O princípio de Fisher (1930)[3] prediz que em organismos com reprodução sexuada, a razão sexual é igual 1:1. Em 1967, W. D. Hamilton[4] explicou o princípio da seguinte maneira:

  1. Suponha que o custo da produção de filhos e filhas é o mesmo, e a proporção de nascimento dos machos seja menor que a de fêmeas.
  2. O sexo com menor frequência terá melhor perspectiva de acasalamento do que o sexo com maior frequência. Portanto, os machos terão em média uma maior contribuição na geração seguinte do que as fêmeas.
  3. Então, os pais geneticamente dispostos a produzir machos tendem a ter mais netos do que os números médios de netos da população.
  4. Assim, os genes para as tendências de produção de machos se espalham e os nascimentos de indivíduos do sexo masculino se tornam mais comuns.
  5. À medida que a proporção sexual se aproxima de 1:1, a vantagem associada com a produção de machos cessa.
  6. O mesmo raciocínio vale se as fêmeas são substituídas por machos através da saída destes. Portanto, 1:1 é a relação de equilíbrio.

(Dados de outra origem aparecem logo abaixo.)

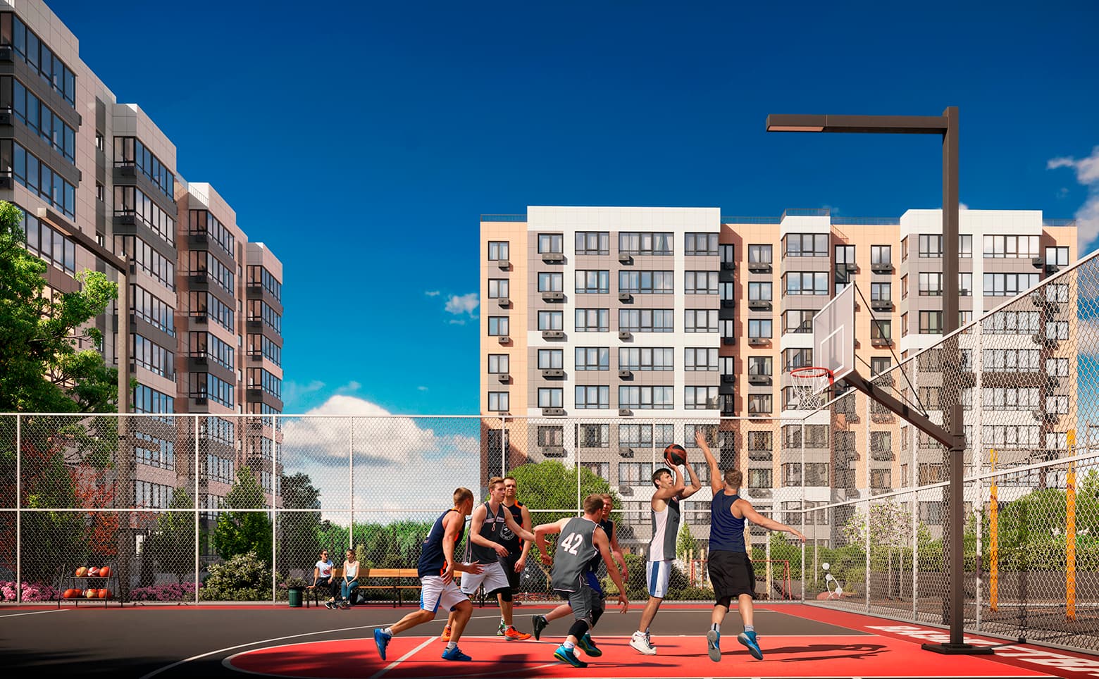 В микрорайоне предусмотрены детский сад и начальная школа, многоуровневый и подземный паркинг, а также кладовые. Двор закрыт от автомобилей, оборудованы детские и спортивные площадки, велодорожка, большая прогулочная зона с ландшафтным дизайном и редкими растениями, автоматическим поливом и газоном. Нижние этажи корпусов отведены под аптеки, медцентр, продуктовые магазины, кофейни, салоны сантехники, дизайнерских кухонь, штор, магазины для ремонта и творчества. Территория находится под видеонаблюдением.

Como cada descendente é produzido por um macho e uma fêmea que fornecem igual contribuição genética para a próxima geração, gastar a mesma quantidade de recursos para produzir filhos de cada um dos sexos é uma estratégia evolutivamente estável (ESS).[5] Se a população se desvia desse equilíbrio a favor de um dos sexos, um indivíduo que invista mais na produção do sexo em menor quantidade terá um maior sucesso reprodutivo com menor esforço.

Condições que violam o Princípio de Fisher

W. D. Hamilton (1967) foi o primeiro a identificar condições que violam o Princípio de Fisher. Ele apontou que uma alocação de recursos iguais na produção de machos e fêmeas não é esperado em espécies onde a interação dentro do grupo tem efeito diferencial no fitness de machos e fêmeas. Por exemplo, se irmãos competem por um número limitado de parceiras reprodutivas, o fitness parental pode aumentar se mais filhas forem produzidas, como mostrado em Vespas Parasitoides.

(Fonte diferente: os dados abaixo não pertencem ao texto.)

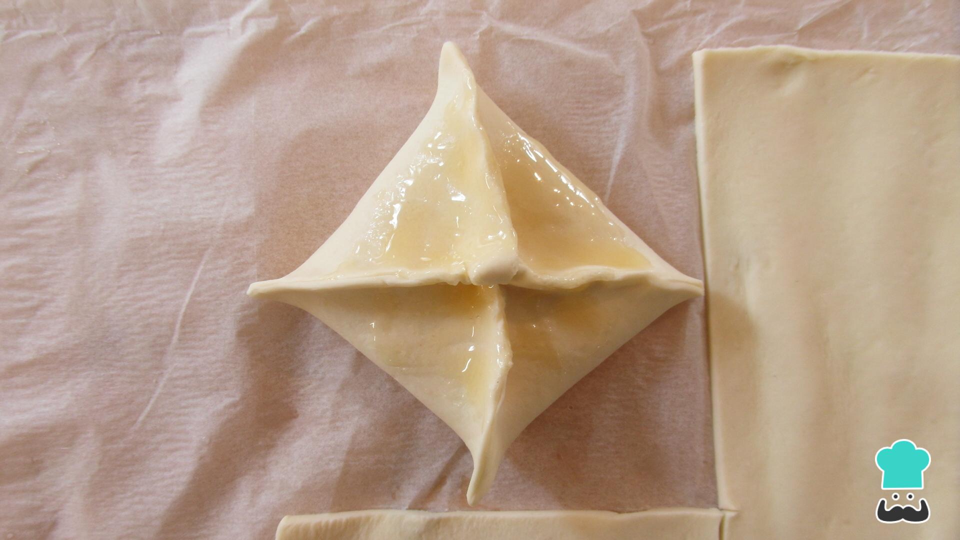 Umedeça as beiradas com um pouco de água e feche o folhado de queijo a unindo as pontas, como na fotografia. Pressione bem, para se certificar de que fica fechado, e pincele um pouco de mel. Coloque numa assadeira untada com um pouco de óleo ou manteiga.

Em outra situação, Trivers e Willard (1973)[6] mostraram que os indivíduos podem ser selecionados para ajustar o sexo dos seus descendentes em resposta as condições ambientais. Por exemplo, quando as condições ambientais tem um efeito diferencial nos descendentes machos e fêmeas, os parentais podem enviesar a razão sexual dos seus descendentes a partir do sexo que mais contribui para seu fitness. Muitos estudos testaram de várias formas a hipótese de Trivers e Willard (1973).[6][7] A maioria desses estudos foram conduzidos para Hymenoptera (vespas, formigas e abelhas), onde as fêmeas podem controlar precisamente o sexo dos seus descendentes, pois as fêmeas se desenvolvem de ovos fertilizados e os machos de ovos não fertilizados.[8]

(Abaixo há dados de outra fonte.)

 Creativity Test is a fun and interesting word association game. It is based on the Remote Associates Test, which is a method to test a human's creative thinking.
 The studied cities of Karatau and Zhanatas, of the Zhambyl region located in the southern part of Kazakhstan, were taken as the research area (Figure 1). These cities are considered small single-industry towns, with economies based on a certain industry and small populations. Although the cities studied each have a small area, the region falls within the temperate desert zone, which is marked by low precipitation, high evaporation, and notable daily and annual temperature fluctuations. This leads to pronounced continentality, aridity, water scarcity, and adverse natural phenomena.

Em vertebrados com a determinação do sexo através dos cromossomos sexuais, como em aves e mamíferos, o desvio da razão sexual de nascimento é limitado pela meiose, que gera uma razão sexual média de 0.5 (50%). Assim, a possibilidade de manipulação do sexo nestes organismos é questionada, entretanto, essa razão tem sido modificada por estudos recentes, explicando que a manipulação pode ser dada por mecanismos de formação de gametas, desenvolvimento do embrião e controle maternal. A partir de fatores específicos correlacionados em vertebrados o desvio da razão sexual pode está relacionado com a disponibilidade de recursos, condição e qualidade maternal, atratividade ou qualidade dos machos, comportamento social, competição entre irmãos e conflito sexual.[8]

Tipos de razão sexual

A razão sexual em machos e fêmeas é equalizada e varia de acordo com o perfil etário da população. Geralmente, é dividido em quatro:

  • Primária — proporção no momento da fertilização.
  • Secundária — proporção do número de nascidos.
  • Terciária — proporção dos organismos sexualmente ativos.
  • Quaternária — proporção dos organismos que não se reproduzem mais.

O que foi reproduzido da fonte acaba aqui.